Methods to Sample Cytokines and Monitor Neuroinflammation in Clinical Practice

Immune system cells and brain cells produce cytokines that act as intercellular signaling molecules. Depending on their concentration, cytokines can have toxic or trophic effects and can be pro- or anti-inflammatory. In addition several cytokines can have synergistic effects, and therefore a full understanding of the interactions between both deleterious and protective cytokines rather than just the absolute concentration of a particular cytokine may be needed to derive meaningful interpretation of clinical data. Several other factors make clinical interpretation of human cytokine data complex. First, each cytokine is produced during a defined time period and so results may depend on when the samples are obtained. Second, cytokines are produced in different amounts within different compartments—blood, brain, extracellular fluid (ECF), and CSF—and hence what is sampled will influence the findings. It appears that IL-1b and vascular endothelial growth factor (VEGF) levels are greater in brain ECF than in CSF, whereas IL-6, TNF, IL-8 and IL-1ra are greater in CSF than in microdialysate. Third, there are complex interactions of the immune system with the BBB and blood-CSF barriers that influence the findings. Finally, it is unclear whether it is the peak cytokine level, the area under the curve, or the specific cytokine production relative to other mediators that is most important to the biologic effect.

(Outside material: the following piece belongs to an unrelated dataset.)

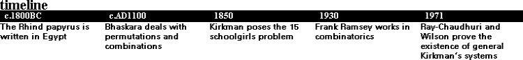 The essence of combinatorics is captured by a master of the subject, Rev. Thomas Kirkman, working at a time when combinatorics was mostly linked to recreational mathematics. He made many original contributions to discrete geometry, group theory and combinatorics but never had a university appointment. The conundrum which reinforced his reputation as a nononsense mathematician was the one for which he will always be known. In 1850 Kirkman introduced the ‘15 schoolgirls problem’, in which schoolgirls walk to church in 5 rows of 3 on each day of the week. If you are bored with Sudoku you might try to solve it. We need to organize a daily schedule so that no two walk together more than once. Using lower case and upper case deliberately, the girls are: abigail, beatrice, constance, dorothy, emma, frances, grace, Agnes, Bernice, Charlotte, Danielle, Edith, Florence, Gwendolyn and Victoria, labelled a, b, c, d, e, f, g, A, B, C, D, E, F, G and V, respectively.

In clinical practice there are four basic approaches to examine the role of inflammatory mediators: (1) blood sampling (both arterial and jugular venous), (2) CSF sampling, (3) microdialysis, and (4) direct tissue sampling from ex vivo or postmortem tissue. In addition, PET studies may be used to examine microglial activation. Blood sampling is the easiest technique because it is readily available, can be easily repeated, requires no specialized equipment, and cytokines can be screened for with multiplex assay techniques. However, cytokines in arterial blood samples may indicate both intracranial and extracranial pathology. Paired arterial and jugular venous sampling can be used to help examine the relative contributions of the brain or the systemic inflammatory response. However, detection of a gradient is not always feasible because the absolute concentrations of some cytokines are close to the limit of sensitivity of the assay techniques.

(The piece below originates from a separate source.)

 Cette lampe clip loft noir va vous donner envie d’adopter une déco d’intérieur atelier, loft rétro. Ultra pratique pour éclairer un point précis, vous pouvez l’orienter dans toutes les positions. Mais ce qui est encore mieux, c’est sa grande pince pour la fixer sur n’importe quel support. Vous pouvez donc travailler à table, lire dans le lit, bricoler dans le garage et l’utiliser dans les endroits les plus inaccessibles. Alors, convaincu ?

External ventricular drainage when used provides a useful method to evaluate CSF inflammation because CSF production of cytokines is thought to represent brain production. However, the concentration of a cytokine may depend on how the CSF is drained (i.e., intermittently or continuously) and CSF production. In addition, it is unclear whether CSF drainage is a method to eliminate various cytokines (i.e., is “therapeutic”). This then raises the question of the biologic relevance of any immune mediator detected in the CSF.

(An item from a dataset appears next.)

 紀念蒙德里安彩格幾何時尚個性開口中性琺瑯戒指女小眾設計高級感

Microdialysis continuously samples the brain interstitial space (see Chapter 36 ). This may be the most biologically relevant compartment because inflammatory mediators are secreted here and act on their surface membrane target receptors. It can be difficult to assay cytokines and inflammatory mediators using microdialysis because these proteins have a greater molecular weight than the metabolic intermediaries (glucose, lactate, pyruvate) commonly examined with this technique. Consequently cytokines diffuse across the microdialysis membrane at a slower rate, and a smaller proportion crosses into the catheter (i.e., the relative recovery is low). Several techniques can be used to address this, including use of catheters with larger molecular weight cutoff membranes (e.g., 100 kDa), addition of colloids (such as dextrans or albumin) to the perfusate, and use of sensitive multiplex techniques to assay the cytokines (e.g., the Luminex xMAP platform). In the laboratory setting cytokine binders (e.g., heparin) have been added to the perfusion fluid. This has not been used clinically because it is conceivable that heparin is lost from the perfusate into the ECF.